_ACTION ITEM_
Please repeat the entries word for word and keep the images out.

[Data entries]
-- Opening Marker --
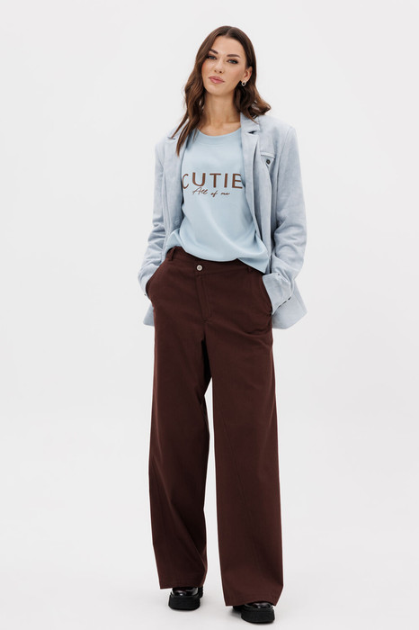Джинсы wide leg- это модель со свободной посадкой, широкими штанинами и расклешением от бедра. Если классический прямой фасон выглядит формально, то wide leg придает образу более расслабленный вид и за счет расширения книзу, джинсы отлично вытягивают силуэт. Джинсы сложного кроя, с эффектом закрученности: шаговый и боковой шов, застежка смещенные , что создает иллюзию еще большего вытягивания силуэта. Модель свободного кроя, с 5-ю карманами, притачным поясом со шлевками.
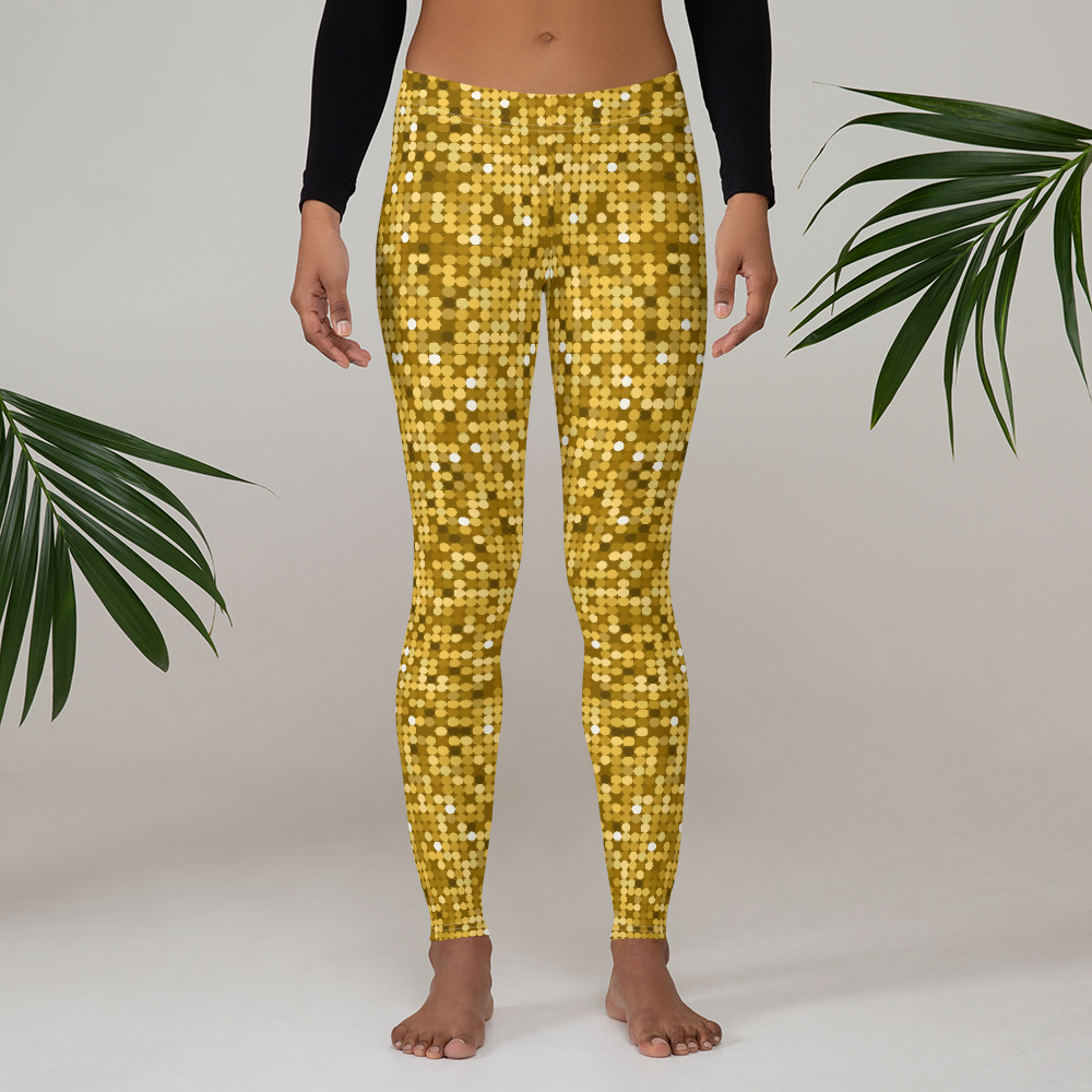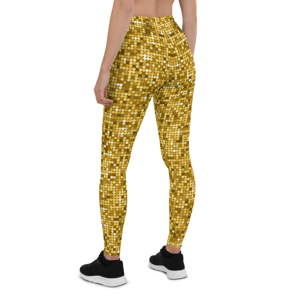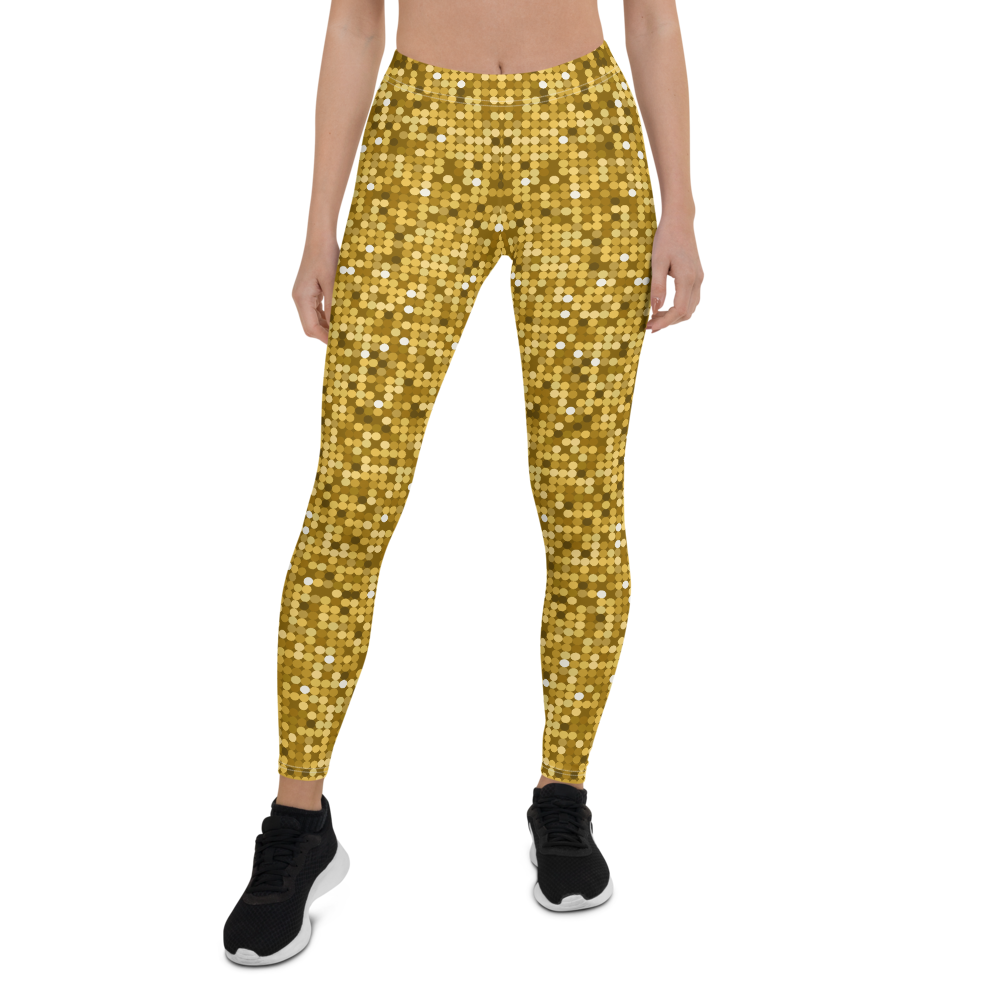 Shiny and Vibrant Gold Disco Club Party Leggings - Fun New Sexy Look Yoga Pants
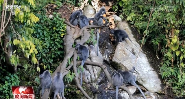 原來爭相帶娃是菲氏葉猴家族獨(dú)特的育兒方式。菲氏葉猴聚群而居,每個(gè)家庭成員都想和“小金猴”有更多親密接觸。此外,據(jù)護(hù)林員介紹,這些菲氏葉猴還有著“謙謙君子”的美譽(yù)。
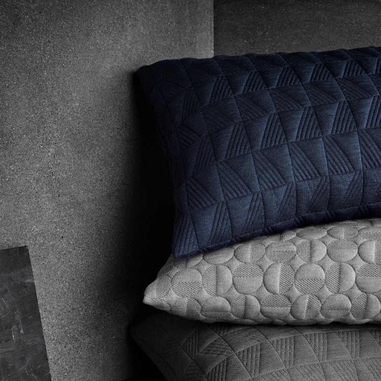 I kollektionen Objects från Fritz Hansen ingår denna kudde designad av Arne Jacobsen. Gemensamt för kuddarna är att dom är stickade istället för vävda vilket ger kuddfodralet en unik struktur. För att kunderna ska behålla sin passform över tid så har man fyllt kuddarna med Fossflake som är en mjuk stoppning som inte klumpar sig. Den här rektangulära kudde i färgen Midnight Blue passar utmärkt ihop med Fritz Hansens soffor eller loungefåtöljer, exempelvis Ro.
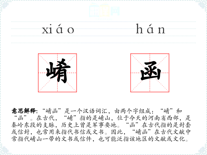“崤”字源自崤山,而“函”字源自古代的封套或信封。随着时间的推移,“崤函”这个词汇可能已经从具体的地点和物品扩展到了更广泛的文化和历史意义。
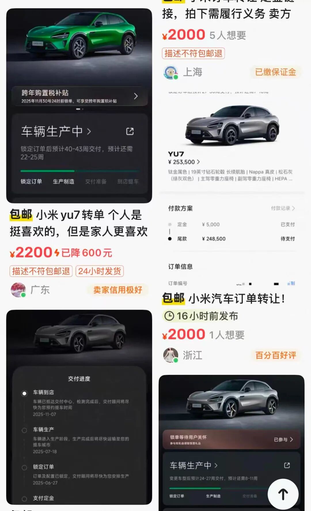 闲鱼上,原本一机难求的订单转售也彻底降温。曾经有人加价两万元抢购订单,如今,订单回收价甚至不到2000元,让早期支付5000元订金的人不挣反亏近3000元。
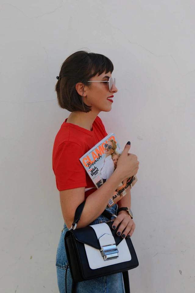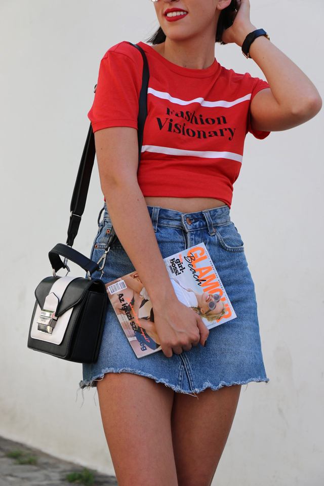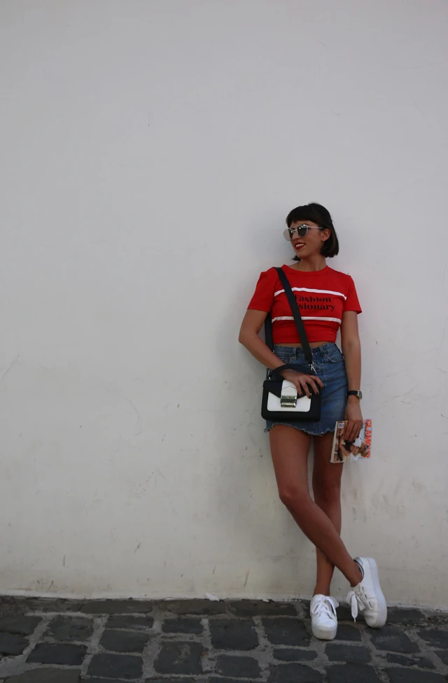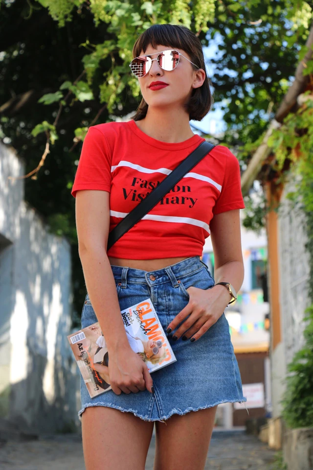 A letisztult stílusomból adódóan nagyon szeretem az alapdarabokat. Ilyen ez a magasderekú farmerszoknya. Egész nyáron megállja a helyét bárhol, bármikor. Nagyon szeretem inggel viselni, amelyet megkötök a derekamon vagy jelen esetben egy egyszerű feliratos pólóval. A kis csavar benne az, hogy a pólót nem bedugva viselem hanem hátul a derekán megkötve egy csomóba, ami ad neki egy plusz lazaságot ugyanakkor átalakul a póló egy crop toppá. Nagyon sokszor alkalmazom ezt a praktikát.
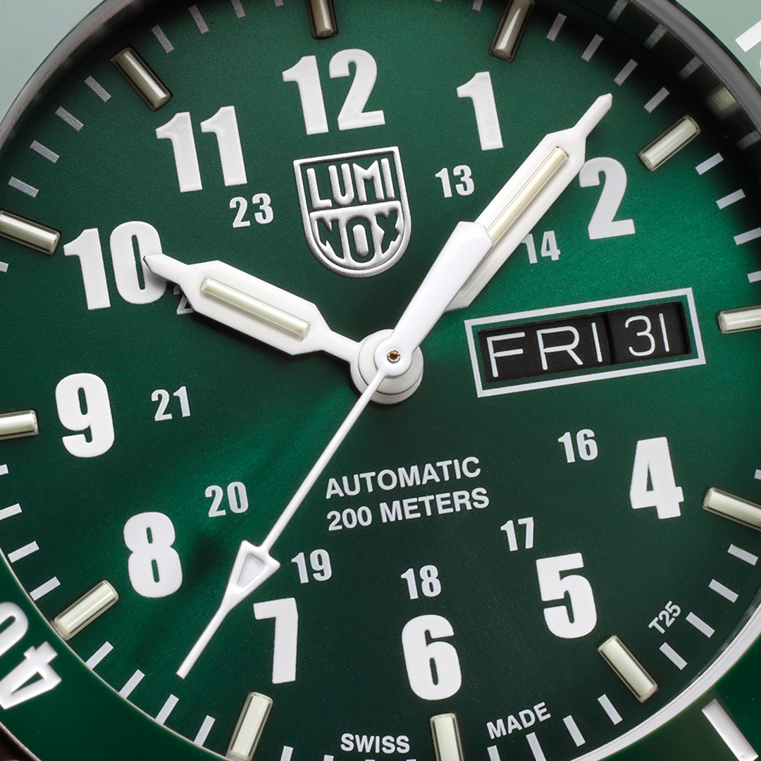 Luminox XS.0937 Automatic Sport Timer napędza szwajcarski automatyczny mechanizm SELLITA SW 220-1 z funkcją day date. 42-milimetrowa koperta ze stali nierdzewnej z obrotowym pierścieniem z wkładką z ceramiki jest połączona z bransoletą wykonaną ze stali 316L.
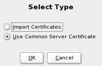 Először döntse el, hogy a szerver és kliens közötti adatforgalom használjon-e TLS- és SSL-titkosítást. Ezután nyomja meg a Tanúsítvány kiválasztása gombot egy tanúsítvány kiválasztásához. A megjelenő párbeszédablakban (YaST OpenLDAP-szerverkonfiguráció: Tanúsítvány kiválasztása) válassza ki a használni kívánt tanúsítvány típusát: A YaST automatikusan létrehozza a tanúsítványt a SUSE LINUX Enterprise Server telepítése során (Általános szervertanúsítvány használata), vagy az külső forrásból kerül importálásra (Tanúsítvány importálása). Ha a telepítés során nem készült általános szervertanúsítvány, akkor közvetlenül egy importálási párbeszédablakba jut.
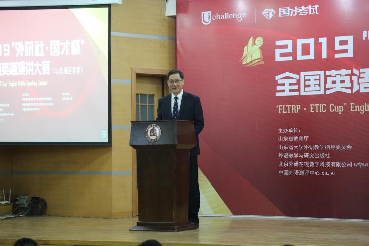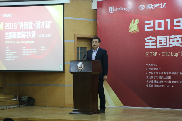 主任王广成教授在致辞中指出:“Uchallenge大学生英语挑战赛”系列,是由山东省教育厅、外语教学与研究出版社等单位联合主办的一项公益赛事,“大赛以高远的立意和创新的理念,顺应时代发展大势,聚焦国家时事热点。大赛既是当代大学生展现风采、实现自我的舞台,也是外语教育领域凝聚创新、融通中外的交流媒介。”是唯一纳入“中国高校创新人才培养暨学科竞赛评估项目”的英语竞赛。希望参赛同学在比赛中能够收获赛场经历,学习优秀选手身上的亮点;领悟语言表达魅力,目睹思想碰撞火花;在高手云集的舞台上展现自我、提高自我。作为此次比赛的具体承办者,一定本着公平、公正、公开的原则组织赛事,认认真真、尽心尽力地为大家做好服务。
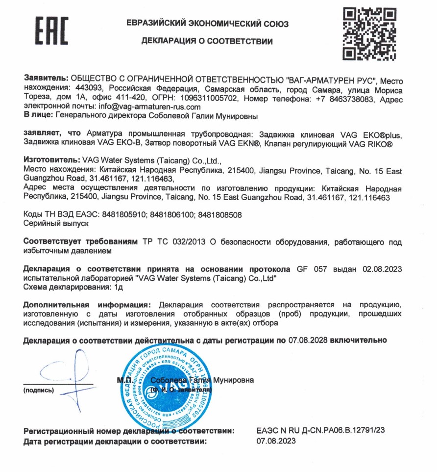 VAG Клиновая задвижка серия EKOplus PN10/16
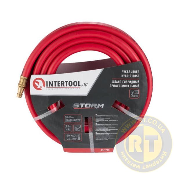 Шланг гібридний, професійний, 20 атм, 8*15мм, 15м з швидкороз'ємними латунними з'єднаннями, STORM INTERTOOL PT-1775
-- Closing Marker --
_RESULT FOR THIS EXERCISE_
Джинсы wide leg- это модель со свободной посадкой, широкими штанинами и расклешением от бедра. Если классический прямой фасон выглядит формально, то wide leg придает образу более расслабленный вид и за счет расширения книзу, джинсы отлично вытягивают силуэт. Джинсы сложного кроя, с эффектом закрученности: шаговый и боковой шов, застежка смещенные , что создает иллюзию еще большего вытягивания силуэта. Модель свободного кроя, с 5-ю карманами, притачным поясом со шлевками.
 Shiny and Vibrant Gold Disco Club Party Leggings - Fun New Sexy Look Yoga Pants
 原來爭相帶娃是菲氏葉猴家族獨(dú)特的育兒方式。菲氏葉猴聚群而居,每個(gè)家庭成員都想和“小金猴”有更多親密接觸。此外,據(jù)護(hù)林員介紹,這些菲氏葉猴還有著“謙謙君子”的美譽(yù)。
 I kollektionen Objects från Fritz Hansen ingår denna kudde designad av Arne Jacobsen. Gemensamt för kuddarna är att dom är stickade istället för vävda vilket ger kuddfodralet en unik struktur. För att kunderna ska behålla sin passform över tid så har man fyllt kuddarna med Fossflake som är en mjuk stoppning som inte klumpar sig. Den här rektangulära kudde i färgen Midnight Blue passar utmärkt ihop med Fritz Hansens soffor eller loungefåtöljer, exempelvis Ro.
“崤”字源自崤山,而“函”字源自古代的封套或信封。随着时间的推移,“崤函”这个词汇可能已经从具体的地点和物品扩展到了更广泛的文化和历史意义。
 闲鱼上,原本一机难求的订单转售也彻底降温。曾经有人加价两万元抢购订单,如今,订单回收价甚至不到2000元,让早期支付5000元订金的人不挣反亏近3000元。
 A letisztult stílusomból adódóan nagyon szeretem az alapdarabokat. Ilyen ez a magasderekú farmerszoknya. Egész nyáron megállja a helyét bárhol, bármikor. Nagyon szeretem inggel viselni, amelyet megkötök a derekamon vagy jelen esetben egy egyszerű feliratos pólóval. A kis csavar benne az, hogy a pólót nem bedugva viselem hanem hátul a derekán megkötve egy csomóba, ami ad neki egy plusz lazaságot ugyanakkor átalakul a póló egy crop toppá. Nagyon sokszor alkalmazom ezt a praktikát.
 Luminox XS.0937 Automatic Sport Timer napędza szwajcarski automatyczny mechanizm SELLITA SW 220-1 z funkcją day date. 42-milimetrowa koperta ze stali nierdzewnej z obrotowym pierścieniem z wkładką z ceramiki jest połączona z bransoletą wykonaną ze stali 316L.
 Először döntse el, hogy a szerver és kliens közötti adatforgalom használjon-e TLS- és SSL-titkosítást. Ezután nyomja meg a Tanúsítvány kiválasztása gombot egy tanúsítvány kiválasztásához. A megjelenő párbeszédablakban (YaST OpenLDAP-szerverkonfiguráció: Tanúsítvány kiválasztása) válassza ki a használni kívánt tanúsítvány típusát: A YaST automatikusan létrehozza a tanúsítványt a SUSE LINUX Enterprise Server telepítése során (Általános szervertanúsítvány használata), vagy az külső forrásból kerül importálásra (Tanúsítvány importálása). Ha a telepítés során nem készült általános szervertanúsítvány, akkor közvetlenül egy importálási párbeszédablakba jut.
 主任王广成教授在致辞中指出:“Uchallenge大学生英语挑战赛”系列,是由山东省教育厅、外语教学与研究出版社等单位联合主办的一项公益赛事,“大赛以高远的立意和创新的理念,顺应时代发展大势,聚焦国家时事热点。大赛既是当代大学生展现风采、实现自我的舞台,也是外语教育领域凝聚创新、融通中外的交流媒介。”是唯一纳入“中国高校创新人才培养暨学科竞赛评估项目”的英语竞赛。希望参赛同学在比赛中能够收获赛场经历,学习优秀选手身上的亮点;领悟语言表达魅力,目睹思想碰撞火花;在高手云集的舞台上展现自我、提高自我。作为此次比赛的具体承办者,一定本着公平、公正、公开的原则组织赛事,认认真真、尽心尽力地为大家做好服务。
 VAG Клиновая задвижка серия EKOplus PN10/16
 Шланг гібридний, професійний, 20 атм, 8*15мм, 15м з швидкороз'ємними латунними з'єднаннями, STORM INTERTOOL PT-1775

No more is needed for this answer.